The Six Five Connected with Diana Blass: Copyright, Deep Fakes, and Data Privacy in the Age of AI

By Patrick Moorhead - July 26, 2023

In a follow-up to the first episode that investigated the race to AI innovation playing out on the world stage, this episode of The Six Five Connected with Diana Blass dives into the copyright violations, data privacy issues and potential deception associated with AI-generated content. On this episode, you will:


Watch the video here:


Or Listen to the full audio here:


Disclaimer: The Six Five webcast is for information and entertainment purposes only. Over the course of this webcast, we may talk about companies that are publicly traded, and we may even reference that fact and their equity share price, but please do not take anything that we say as a recommendation about what you should do with your investment dollars. We are not investment advisors, and we ask that you do not treat us as such.


Diana Blass: Food delivery is huge, a market that’s tripled in value since 2017 thanks to the rise of third party delivery apps.
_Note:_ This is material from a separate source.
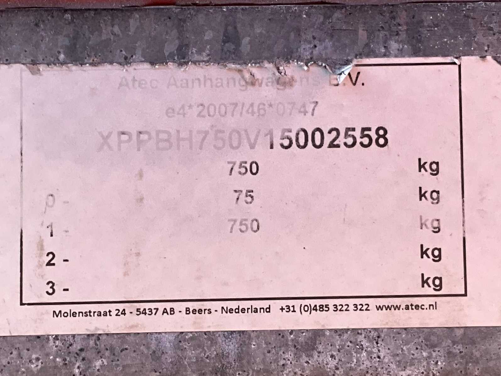 Lengte 3900 mm; breedte 1800 mm; hoogte 2100 mm; huif; gegalvaniseerd staal frame; hout schotten; koprek; neuswiel; (de koper dient bij transport over de weg zelf te voorzien in een geldig kenteken; een 7 of 9 polige aansluitstekker of verloopstuk met kabel (verlengsnoer kan ter plaatse tegen betaling aangekocht worden); eventueel extra lichtbalk); zobder kentekenpapieren; zonder gelijkvormigheidsattest; Merk: Atec Type: EO1300 Bouwjaar: 2015 Chassisnummer: XPPBH750V15002558 Aantal assen: 1 Laadbak afmeting l: 250cm Laadbak afmeting b: 130cm Zeiltrailer: true

Here, diners are lured to a restaurant based on the photos. But what if I told you some of those photos are fake?

Carl Turner: We call it swipe by snapshot. And what it really is, it’s an AI taking menu descriptions, some more information that we are feeding in, and it obviously can be always adjusted, to then curate a full catalog of pictures for each menu item that a restaurant has on the menu

Diana Blass: With generative AI, restaurants skip the pricey food photographer to create realistic images in just seconds. Those behind it call it AI food photography. Critics call it deception.

Daniel Newman: Generative AI can help companies do things like this faster, but I would always argue that the authenticity of the photos and menus tend to leave something to be desired.
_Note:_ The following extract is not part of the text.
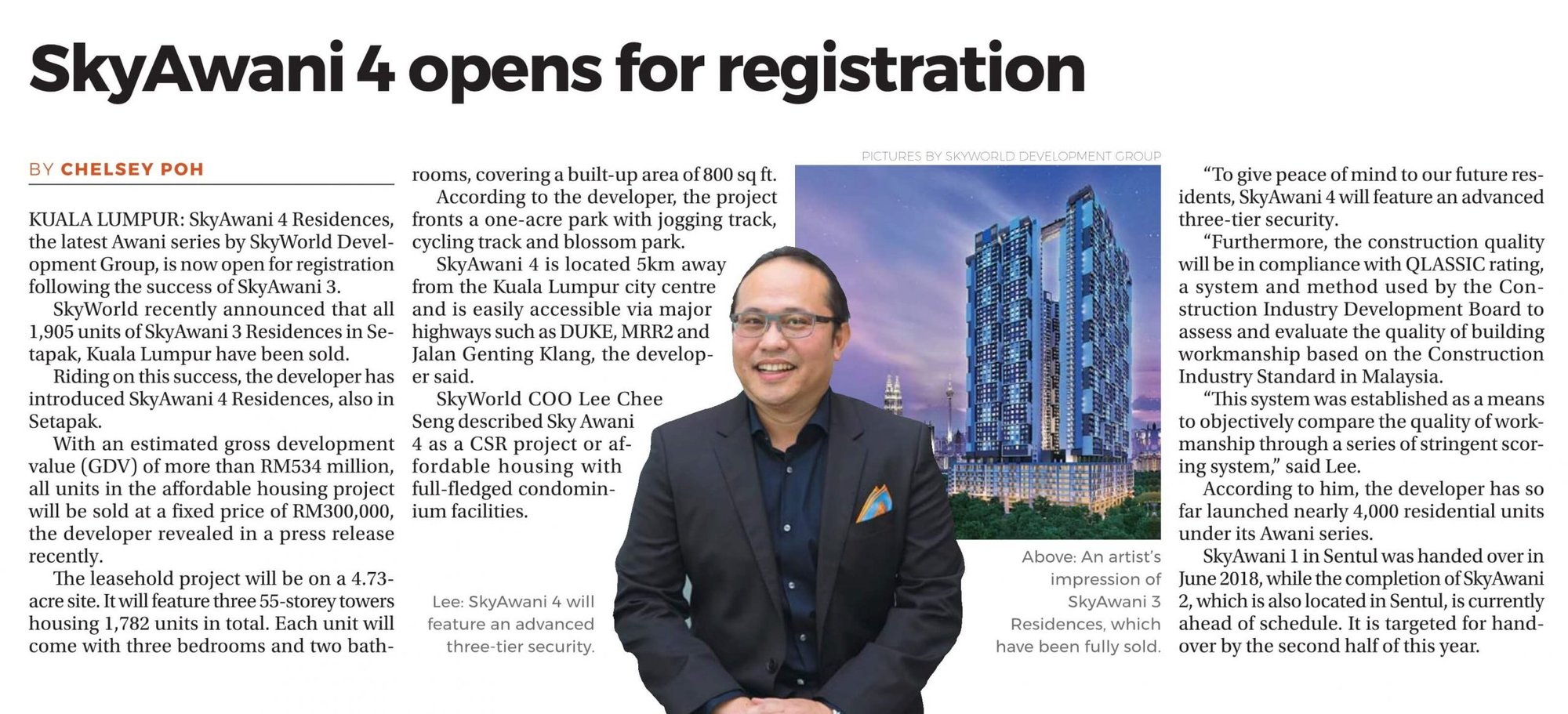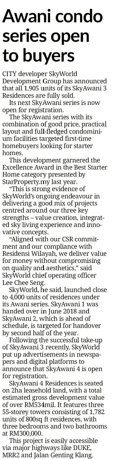 Mr Lee Chee Seng, Chief Operating Officer of SkyWorld shared, “Our popular SkyAwani series has made many positive headlines and cemented its position as the must-owned starter homes for first time home buyers – given its extraordinary value of good price, practical layout and the icing on the cake; full-fledged condominium facilities. Last weekend marked another milestone for SkyWorld. We are so thankful for the overwhelming response and we are proud to say that despite SkyAwani being a CSR project under the RUMAWIP affordable home programme, we remain steadfast to our commitments of delivering value for money property without compromising on quality and aesthetics. SkyAwani 4 boasts all our SkyWorld strengths – quality QLASSIC workmanship, unique design and good potential appreciation value given its strategic location of just 5-km distance to KLCC.”

Diana Blass: A debate that’s coming to the spotlight as AI increasingly distorts our reality, oftentimes violating copyright and data privacy issues as it does so.

Alexis Keenan: OpenAI faces a growing list of lawsuits, the latest coming from comedian and author, Sarah Silverman. Silverman accusing the artificial intelligence system of copyright infringement.

Diana Blass: Protests, lawsuits, and investigations are emerging as many of us wonder, where can AI learn without violating the rights of others?

Kirk Sigmon: What scares me about that is that you can regulate your way into killing this industry before it even begins.

Diana Blass: This as business opportunities soar.

Satya Nadella: Meta’s Llama 2 coming to both Azure and Windows.

Pat Moorhead: This enables almost anybody to use this.

Diana Blass: A new playing field has emerged, and the question is, are we ready?

Hi everyone. I’m Diana Blass. Welcome back to Connected, brought to you by Six Five Media, the series that connects you to the latest buzz in tech. Our last episode, we investigated AI innovation on the world stage, as we discussed the regulations potentially needed here in the US to keep up. Today we continue the generative AI deep dive, this time exploring the business opportunities, use cases, and the legal conflicts that are emerging as a result. So why not start with the negatives, right? The FTC has sent OpenAI a 20-page letter with questions and demands related to its ChatGPT service. It’s the first official inquiry into generative AI. The department hopes to uncover whether the company engaged in unfair practices related to its data collection methods.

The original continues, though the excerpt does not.